The Pandemic vaccine was another issue for which several concerns were raised. In response to these concerns the committee finds that the next ten-year federal/provincial/territorial contract that is to be established in 2011 must include a backup supplier and that the government must take steps to ensure that the backup supplier will add to Canada’s ability to ensure access to a safe and sufficient supply of pandemic vaccine. In addition, the committee heard that the packaging chosen for the vaccine, that is the number of doses per vial and the number of vials per box, should be more relevant to the end user. Therefore, the committee recommends that the manufacturer consult the Public Health Agency of Canada prior to making this determination.  Finally, the committee is concerned that the logistics of implementing the necessary vaccination programs for expedient inoculation of all Canadians who want to be vaccinated was not fully appreciated. As such, it is recommending that mass vaccination programs be more thoroughly explored and tested.

With respect to data collection, surveillance and analysis, the committee would like to see greater use of electronic resources. As such, it is recommending implementation of electronic public health surveillance applications as well as electronic health records systems. In terms of capacity for public health service delivery, the committee is calling for the Public Health Agency to monitor the scope of practice of paramedics and pharmacists in jurisdictions across Canada in order that they be included wherever possible as a valuable resource during public health emergencies. In addition the committee would like the Public Health Agency of Canada to work with the provinces and territories to encourage greater interconnectivity between the different health care infrastructures, namely acute care, primary care, clinical care and public health care. It notes that these measures will contribute to increased surge capacity in hospitals.
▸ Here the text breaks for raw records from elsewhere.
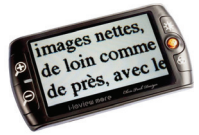
Une loupe électronique portable *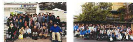
グループ全体で、日帰りレクリエーション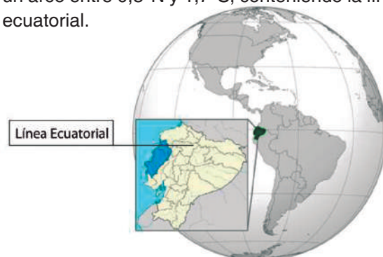
Figura 2. Ubicación geográfica del área de estudio; la zona continental de la provincia de Manabí (azul).

El área de estudio se emplaza en el litoral continental de la provincia de Manabí, costa central del Ecuador (figura 2), que comprende un arco entre 0,3°N y 1,7°S, conteniendo la línea ecuatorial.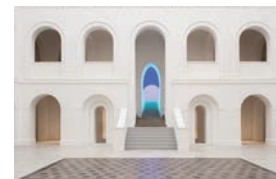
© James Turrell

Für eine individuelle Buchung im Rahmen einer exklusiven, halbstündigen Sonderöffnung wenden Sie sich bitte an kunstvermittlung@dimu-freising.de (Gebühr € 50,- pro Buchung)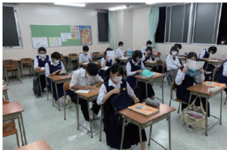
休憩時間の換気を徹底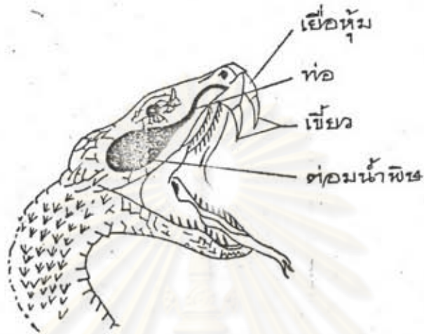
ภาพที่ 3 ภาพวาดแสดงต่อมพิษ และ เขี้ยวของงูพิษ

น้ำพิษของงูเห่ามีสีเหลืองประกอบด้วยน้ำร้อยละ 80-90 ที่เหลือเป็นโบรตีน อนุพันธ์โบรตีน และ เกลืออินทรีย์ ส่วนประกอบที่สำคัญ ได้แก่ (Bucherl, et al, 1968; Teng, et al, 1987)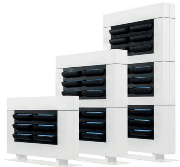
LiveDivider PLUS 1 LiveDivider PLUS 2 LiveDivider PLUS 3

Sockelplatte und Rahmen des LiveDivider PLUS bestehen aus pulverbeschichtetem Stahl und sind vollständig recycelbar.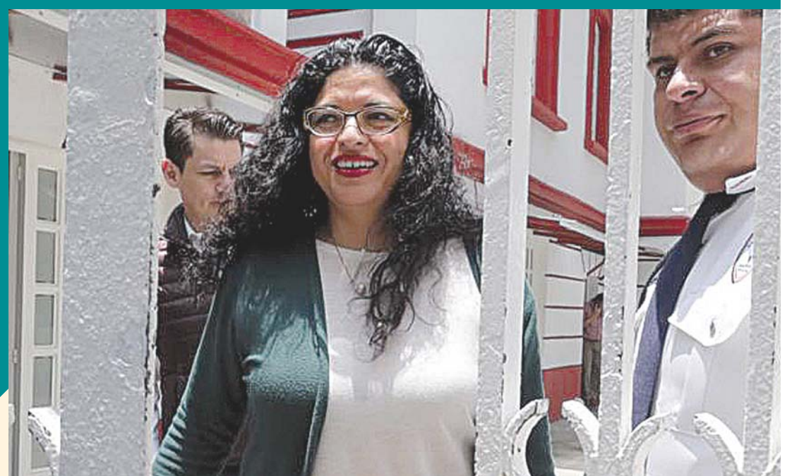
► Los Pinos se convertirá en un centro cultural.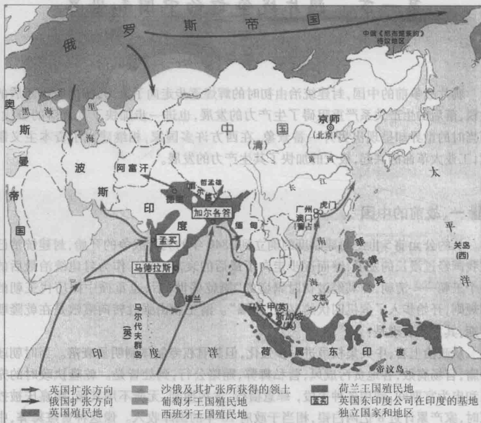
鸦片战争前夕的中国周边形势

额的租金,也致使这种局面越来越严重。地租剥削,赋税征收,徭役摊派逐年加重,使农民生活更加贫困不堪,这必然会加剧阶级冲突和社会矛盾。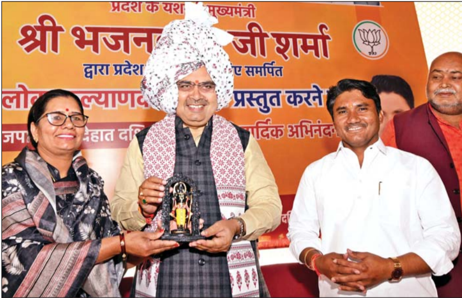
जयपुर देहात (दक्षिण) की ओर से आए प्रतिनिधिमंडल ने बजटीय घोषणाओं के लिए मुख्यमंत्री भजनलाल शर्मा का स्वागत किया। इस अवसर पर आमजन ने मुख्यमंत्री को स्मृति चिन्ह भेंट कर सम्मानित किया।

मुख्यमंत्री ने कहा कि इस वर्ष का मुख्यमंत्री भजनलाल ने कहा कि जयपुर के विस्तार के साथ, आस-पास के इलाकों में सुख-सुविधाओं के विस्तार के लिये बजट में अनेक प्रावधान किये गये हैं।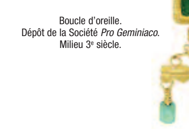
Boucle d'oreille. Dépôt de la Société Pro Geminao Milleu 3 e siècle.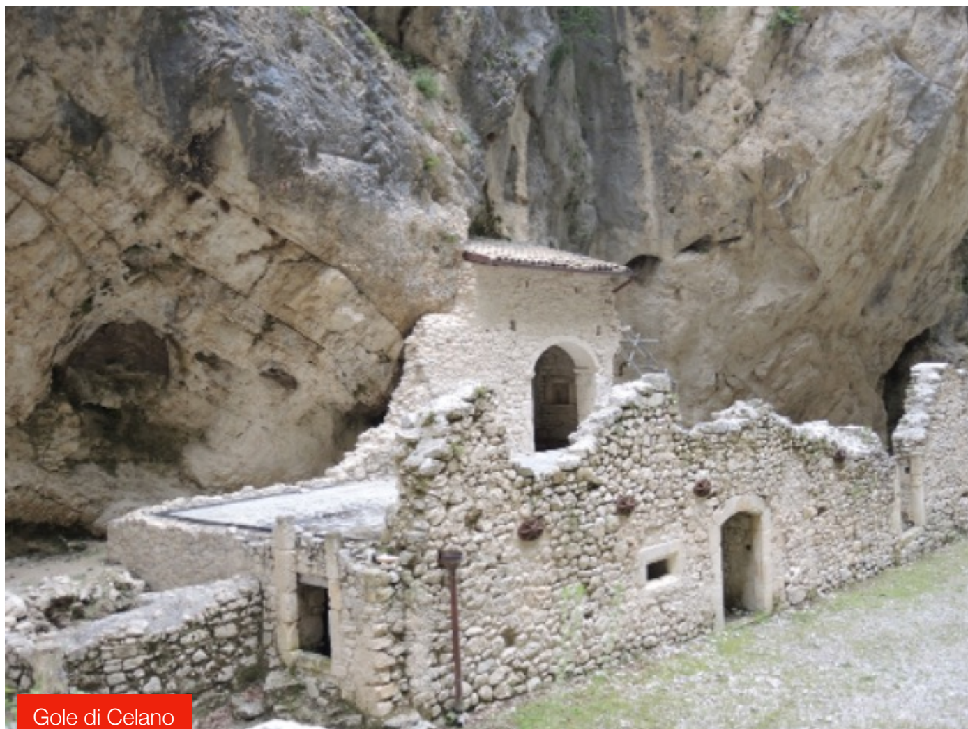
Gole di Celano

A fine passeggiata si potrà sostare nel punto di ristoro alle Sorgenti del Verde.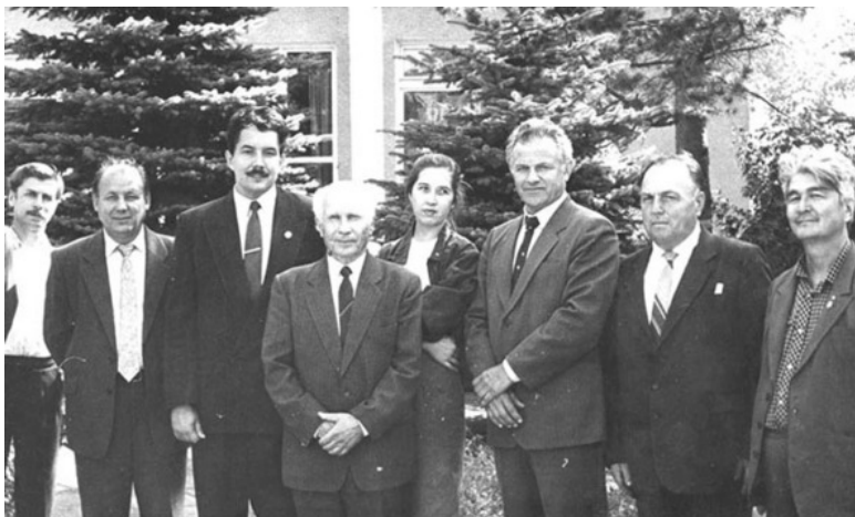
Встреча с кандидатом в депутаты от КПРФ Бабури-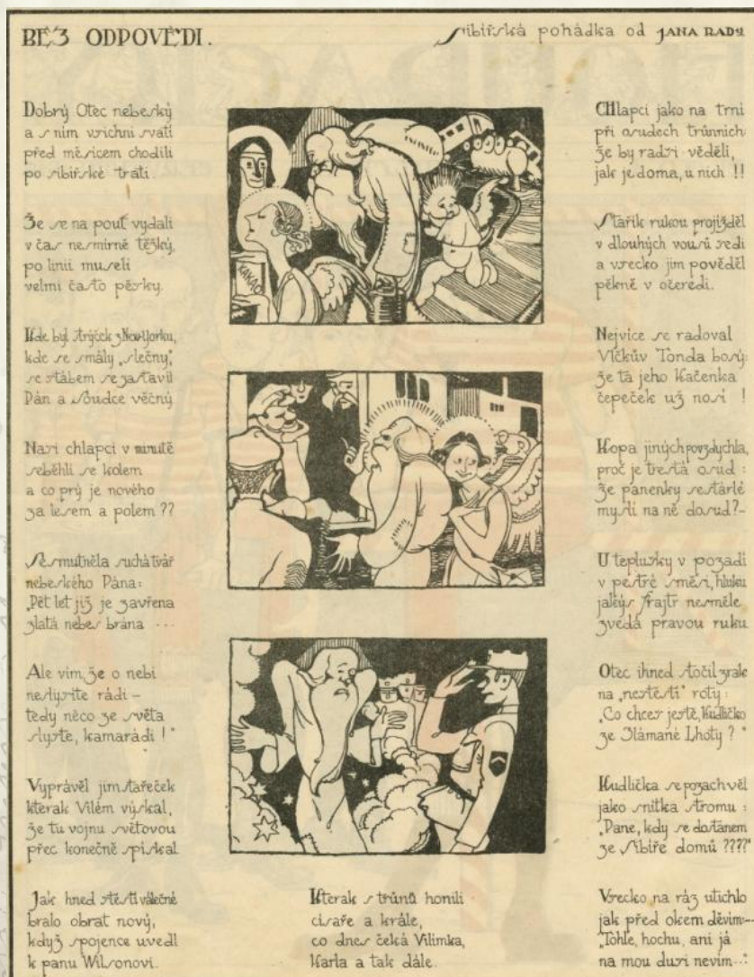
Obr. 5 Výsek z časopisu Houpačky, báseň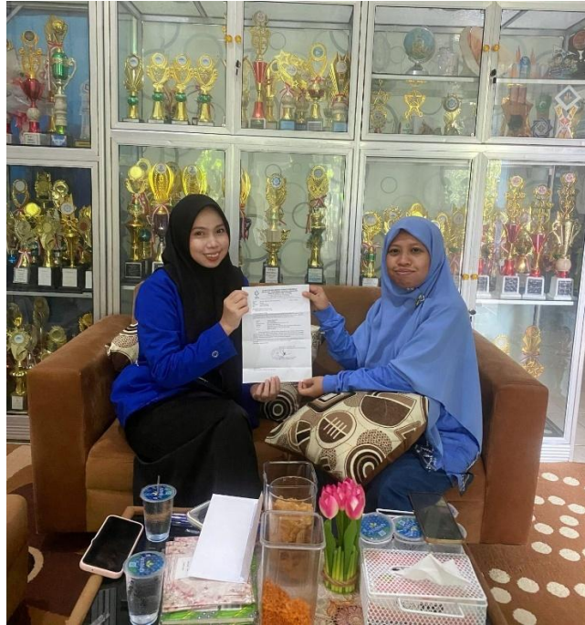
Pengantaran Surat Riset Sekaligus Wawancara Bersama Kepala Sekolah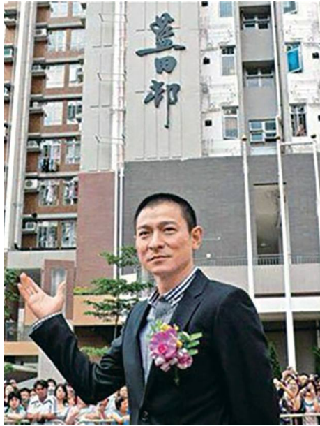
名人劉德華天王題字「藍田邨」，當時十五座正是雜貨舖的位置（相片出處：網絡，新會商會藍田小學資料館 SWCSS Museum Facebook 專頁）

In terms of collaboration and consultation, the committee is calling for broader inclusion of health professionals. It is also recommending that the Public Health Agency of Canada establish formal collaborative arrangements with provincial public health agencies so as to make efficient use of resources and expertise.

The committee would also like to make recommendations specific to First Nations and Inuit populations. While the committee commends the efforts made to ensure that remote communities and on-reserve First Nations received necessary interventions such as antivirals and vaccine, it is concerned about public health infrastructure in general. The committee is calling for Health Canada’s First Nation and Inuit Health Branch, the Public Health Agency of Canada and Indian and Northern Affairs Canada to identify those communities where unhealthy conditions exist, such as poor access to clean water and overcrowding, that make the residents vulnerable to communicable disease and to address these public health concerns. The committee is also calling for improvements to the reporting systems for data collection and surveillance for aboriginal groups. Finally the committee recommends that the federal government enter into discussions with representatives from First Nation and Inuit organizations and communities with the aim to clarify its role in a public health emergency.

The final area of concern identified during this study was that of research. The committee recommends that research be included in the ongoing focus on pandemic preparedness, In this regard the committee recommends that the infrastructure must be maintained for influenza research and is calling on the federal government to provide dedicated and sustained funding in this regard.

The committee commends the Public Health Agency of Canada for its role on the international stage and acknowledges the leadership role that Canada played in collaborating with various jurisdictions as well as providing assistance and certain expertise to those countries that were less well-equipped. The report examines the key areas of concern and includes recommendations to strengthen Canada's pandemic preparedness plan for the future.